Akaash Singh and his case to bring Apu back

He said he was angry in part because “the industry seemed to reward these stories”. He added emphatically that South Asians in America were not oppressed the way blacks or gays were. “It’s a struggle you use to get ahead,” he said of his peers, “but it’s not a real struggle.”
There’s something decidedly old-fashioned about Singh’s argument. He’s a comedian proud to tell you that he doesn’t drink or take drugs and that he waited until he was 30 to have sex with the woman who became his wife. He also said he may have been out of touch, which is why he mentions in his special that he’s from the 1990s.

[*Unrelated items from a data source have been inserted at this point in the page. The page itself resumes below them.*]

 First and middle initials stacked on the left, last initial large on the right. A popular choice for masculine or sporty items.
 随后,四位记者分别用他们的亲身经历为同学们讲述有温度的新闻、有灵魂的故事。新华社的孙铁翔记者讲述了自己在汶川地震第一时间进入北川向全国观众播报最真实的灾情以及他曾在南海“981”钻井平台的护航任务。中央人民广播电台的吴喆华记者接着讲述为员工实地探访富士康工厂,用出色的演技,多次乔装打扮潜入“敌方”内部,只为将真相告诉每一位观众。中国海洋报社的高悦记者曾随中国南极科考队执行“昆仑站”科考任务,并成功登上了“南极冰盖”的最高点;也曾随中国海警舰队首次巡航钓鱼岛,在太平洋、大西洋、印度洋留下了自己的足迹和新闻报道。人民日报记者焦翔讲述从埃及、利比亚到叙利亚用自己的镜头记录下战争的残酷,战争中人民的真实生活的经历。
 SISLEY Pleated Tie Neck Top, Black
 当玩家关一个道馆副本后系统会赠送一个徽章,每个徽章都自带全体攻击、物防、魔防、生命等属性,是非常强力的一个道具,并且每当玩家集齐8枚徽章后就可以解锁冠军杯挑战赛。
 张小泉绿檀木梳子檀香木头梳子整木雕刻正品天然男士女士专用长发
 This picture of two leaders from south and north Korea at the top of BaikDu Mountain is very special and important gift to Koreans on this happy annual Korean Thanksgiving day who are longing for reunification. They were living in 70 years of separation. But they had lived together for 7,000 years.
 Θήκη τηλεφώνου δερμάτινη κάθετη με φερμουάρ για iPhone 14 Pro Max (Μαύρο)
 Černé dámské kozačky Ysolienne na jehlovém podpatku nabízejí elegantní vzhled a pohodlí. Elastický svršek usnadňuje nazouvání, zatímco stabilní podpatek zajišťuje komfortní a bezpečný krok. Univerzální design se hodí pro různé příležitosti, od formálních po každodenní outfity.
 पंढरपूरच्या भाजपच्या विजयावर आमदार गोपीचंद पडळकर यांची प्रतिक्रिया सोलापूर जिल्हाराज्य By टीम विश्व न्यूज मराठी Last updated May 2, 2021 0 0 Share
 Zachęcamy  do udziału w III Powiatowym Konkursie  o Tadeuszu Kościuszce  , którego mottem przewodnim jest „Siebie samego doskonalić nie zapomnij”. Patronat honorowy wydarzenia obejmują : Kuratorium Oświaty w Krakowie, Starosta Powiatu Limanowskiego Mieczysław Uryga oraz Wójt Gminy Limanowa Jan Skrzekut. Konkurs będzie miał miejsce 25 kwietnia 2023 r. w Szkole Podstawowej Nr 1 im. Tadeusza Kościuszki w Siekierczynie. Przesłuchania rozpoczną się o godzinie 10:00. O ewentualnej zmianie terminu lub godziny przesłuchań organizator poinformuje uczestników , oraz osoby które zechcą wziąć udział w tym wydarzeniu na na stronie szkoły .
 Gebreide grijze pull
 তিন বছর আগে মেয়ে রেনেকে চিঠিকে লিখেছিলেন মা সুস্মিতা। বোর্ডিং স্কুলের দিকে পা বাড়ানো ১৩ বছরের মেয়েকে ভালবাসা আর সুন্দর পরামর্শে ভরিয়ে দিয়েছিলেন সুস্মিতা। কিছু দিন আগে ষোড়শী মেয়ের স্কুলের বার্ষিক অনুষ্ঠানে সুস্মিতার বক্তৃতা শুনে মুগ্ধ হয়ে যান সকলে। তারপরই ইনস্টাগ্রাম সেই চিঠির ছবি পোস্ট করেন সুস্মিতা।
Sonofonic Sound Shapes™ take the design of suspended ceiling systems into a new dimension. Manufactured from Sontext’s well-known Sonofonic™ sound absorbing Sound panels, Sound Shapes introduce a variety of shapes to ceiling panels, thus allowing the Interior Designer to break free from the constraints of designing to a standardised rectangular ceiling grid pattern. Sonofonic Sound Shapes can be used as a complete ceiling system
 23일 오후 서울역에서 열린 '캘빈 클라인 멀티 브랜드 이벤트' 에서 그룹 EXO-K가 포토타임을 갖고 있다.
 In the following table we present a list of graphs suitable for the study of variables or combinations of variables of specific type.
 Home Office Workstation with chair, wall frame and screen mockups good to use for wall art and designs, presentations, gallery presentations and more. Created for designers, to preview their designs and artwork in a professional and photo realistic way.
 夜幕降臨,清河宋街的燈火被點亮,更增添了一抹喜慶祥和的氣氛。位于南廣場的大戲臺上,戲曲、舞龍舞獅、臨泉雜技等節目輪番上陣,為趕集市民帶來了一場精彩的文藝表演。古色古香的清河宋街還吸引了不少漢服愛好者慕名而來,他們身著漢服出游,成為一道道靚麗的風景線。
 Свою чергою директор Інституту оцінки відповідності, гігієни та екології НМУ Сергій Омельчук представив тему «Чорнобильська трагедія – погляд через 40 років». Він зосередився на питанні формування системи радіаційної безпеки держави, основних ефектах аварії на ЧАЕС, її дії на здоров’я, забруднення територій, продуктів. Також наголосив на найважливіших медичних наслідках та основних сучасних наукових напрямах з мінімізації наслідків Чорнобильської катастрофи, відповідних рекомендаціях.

But there’s an audience for this kind of comedic attack on progressive critics, which comedians exploit on stage and in podcasts. Joe Rogan is the most notorious example, but there’s a constellation of popular podcasts around him, including Flagrant 2, with Andrew Schulz and Singh as hosts.
Singh balked when I suggested he was part of an “anti-revival” comedy scene. He described himself as a left-leaning moderate, but admitted he spends more time poking fun at progressives on his podcast. Again, in reaction to Senator Ted Cruz tweeting a link to the Apu special, Singh said “I hate him”, noting that his parents had no running water or heat at the time of the crisis. electricity in Texas when Cruz fled to Cancun. .
Growing up in Dallas, Singh said, and being surrounded by vocal Texas conservatives pushed him to be a liberal; after moving to New York in 2008 to pursue comedy, those on the left pushed him in the opposite direction. When I ask him if he’s ever worried about being just reactive, he brushes it off, saying it’s essential to his comedy. Singh is open about how liberal politics can be a good foil. When he appeared on Rogan’s podcast, he stood up for “woke” people. “Without them,” he asked the host, “what are we?”
Singh said he even ventured into what he described as victimhood in 2018, when he declared he was going bankrupt. “I tried to sell a special that had a bit of that, a little gory story,” he said. “It was about going to India and connecting with my culture. It’s in the same vein of white people saying, ‘It’s so authentic. It didn’t work.
“Bring Back Apu” did. Singh said he recently sold out a 500-seat show at the Irvine Improv in Southern California.